The leader who hasn't built this yet is running on a kind of scarcity. They need the compliment to feel good. Which means they're anxious about whether it will come. Which means they can't be fully present in the room, because part of them is tracking — am I being seen? am I being valued? did that land?
Someone doesn't wish you on your birthday. Someone doesn't reply to your message. Someone doesn't acknowledge the work you did.
If you're running on empty — if you don't have a strong relationship with yourself — these small absences become large things. They become evidence. Evidence that you're not valued, not seen, not enough. But none of that meaning is in the absence itself — you're the one writing it.
If you're full — if you genuinely love and appreciate yourself — those absences are just absences. They're not data about your worth.

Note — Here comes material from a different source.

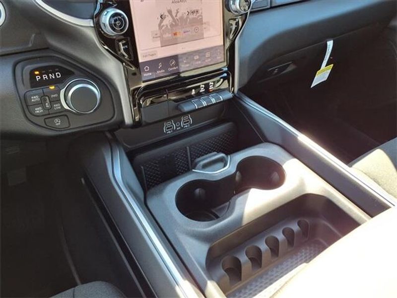 THIS VEHICLE COMES WITH THE FOLLOWING FEATURES AND OPTIONS : Bed Utility Group (Exterior 115V AC Outlet, MOPAR 4 Adjustable Cargo Tie-Down Hooks, MOPAR Spray in Bedliner, and Pick-Up Box Lighting), Big Horn Level 2 Equipment Group (115V Auxiliary Power Outlet, 115V Auxiliary Rear Power Outlet, 12'' Touchscreen Display, 2nd Row in Floor Storage Bins, 3 Rear Seat Head Restraints, 4 Way Front Headrests, 400W Inverter, 4G LTE Wi-Fi Hot Spot, 9 Amplified Speakers with Subwoofer, Air Conditioning ATC with Dual Zone Control, Apple CarPlay, Auto Power-Folding Mirrors, Auto-Dimming Exterior Driver Mirror, Auto-Dimming Rear-View Mirror, Black Exterior Mirrors, Black Premium Power Mirrors, Body Color Fender Flares, Bucket Seats, Center Console Parts Module, Cluster 7.0'' TFT Color Display, Configurable Drive Mode, Connected Travel and Traffic Services, Connectivity - US/Canada, Convex Wide-Angle Exterior Mirror Insert, Deluxe Cloth Bucket Seats, Disassociated Touchscreen Display, Exterior Mirrors Courtesy Lamps, Exterior Mirrors with Heating Element, Exterior Mirrors with Supplemental Signals, Front Seat Back Map Pockets, Full Length Floor Console, Global Telematics Box Module, Glove Box Lamp, Google Android Auto, GPS Antenna Input, GPS Navigation, HD Radio, Heated Front Seats, Heated Steering Wheel, Integrated Center Stack Radio, Integrated Voice Command with Bluetooth, Leather Wrapped Steering Wheel, LED Dome Lamp with on/Off Switch, LED Footwell Lighting, Manual Adjust 4-Way Front Passenger Seat, Media Hub with 2 Charge Only USBs, Overhead LED Lamps, Power 2-Way Driver Lumbar Adjust, Power Adjust 8-Way Driver Seat, Power Adjustable Pedals, Premium Overhead Console, Radio: Uconnect 5 Navigation with 12.0'' Display, Rear 60/40 Folding Seat, Rear Center Armrest, Rear Power Sliding Window, Rear Window Defroster, Remote Tailgate Release, Security Alarm, SiriusXM Radio Service, SiriusXM with 360L, Steering Wheel Mounted Audio Controls, Sun Visors with Illuminated Vanity Mirrors, Universal Garage Door Opener, and USB Host Flip), Night Edition (Accent Color Door Handles, Accent Color Premium Power Mirrors, Accent Color Tailgate Handle, Anti-Spin Differential Rear Axle, Black Exterior Truck Badging, Black Headlamp Bezels, Black Interior Accents, Black Painted Exterior Mirrors Caps, Black Tail Lamp Bezels, Body Color Front Bumper, Body Color Rear Bumper with Step Pads, Dual Exhaust with Black Tips, Grille Black Surround Black Mesh, RAM Grille Badge - Black, and Wheels: 20'' x 9.0'' Aluminum Painted Clad), Protection Group (Tow Hooks), Quick Order Package 27R Lone Star (Lone Star Badge), 33 Gallon Fuel Tank, 4-Wheel Disc Brakes, 48V Belt Starter Generator, 6 Speakers, ABS brakes, Air Conditioning, Alloy wheels, AM/FM radio, Apple CarPlay/Android Auto, Auto High-beam Headlights, Brake assist, Bumpers: chrome, Cloth Bucket Seats, Compass, Delay-off headlights, Driver door bin, Dual front impact airbags, Dual front side impact airbags, Electronic Stability Control, Front anti-roll bar, Front Bucket Seats, Front Center Armrest w/Storage, Front fog lights, Front License Plate Bracket, Front reading lights, Front wheel independent suspension, Fully automatic headlights, Heated door mirrors, Illuminated entry, Low tire pressure warning, Manual Adjust 4-Way Driver Seat, Manual Folding Exterior Mirrors, Manufacturer's Statement of Origin, MOPAR Front and Rear Rubber Floor Mats, MyFlexCare Service Plan, Occupant sensing airbag, Outside temperature display, Overhead airbag, Overhead console, Panic alarm, ParkView Rear Back-Up Camera, Passenger door bin, Passenger vanity mirror, Power door mirrors, Power steering, Power windows, Radio data system, Radio: Uconnect 5 W with 8.4'' Display, RAM Grille Badge - Chrome, Rear anti-roll bar, Rear step bumper, Remo Price includes: $3500 - 2026 National Retail Consumer Cash . Exp. 1

Here's the harder part. We tend to frame this as something that happens to us. People don't acknowledge me. People don't appreciate what I bring. I'm not receiving what I deserve.
But we do the same thing to others. We forget to acknowledge. We're too busy to pause and say — that mattered, what you did. We move to the next thing. The same absence we experience, we create.
This isn't about blame. It's about seeing the pattern whole. When you're running on scarcity, you can't give freely either. Giving from depletion is exhausting. It eventually turns resentful. I give so much and get so little back.
The shift isn't about giving more or receiving better. It's about where you're giving from.
There's a practice that sounds almost embarrassingly simple until you actually try it. Before you look for appreciation from anyone else — before you check if they noticed, if they replied, if they acknowledged — you fill yourself first.
Not as a technique. Not as a productivity hack. As a genuine act of self-recognition. I see what I brought today. I see what I'm carrying. I see what I'm trying to build.
This is what self-love actually is in a leadership context. Not indulgence. Not self-congratulation. A kind of inner steadiness that doesn't require constant external confirmation — and that makes you far more present, far more generous, and far more able to actually receive what's being offered.
Because when you're full, a compliment can just be a compliment. You can let it land. You can say thank you and mean it. You can receive without deflecting, without inflating, without immediately passing it on to someone else to prove your humility.
That's not a small thing. That's the beginning of a different kind of leadership.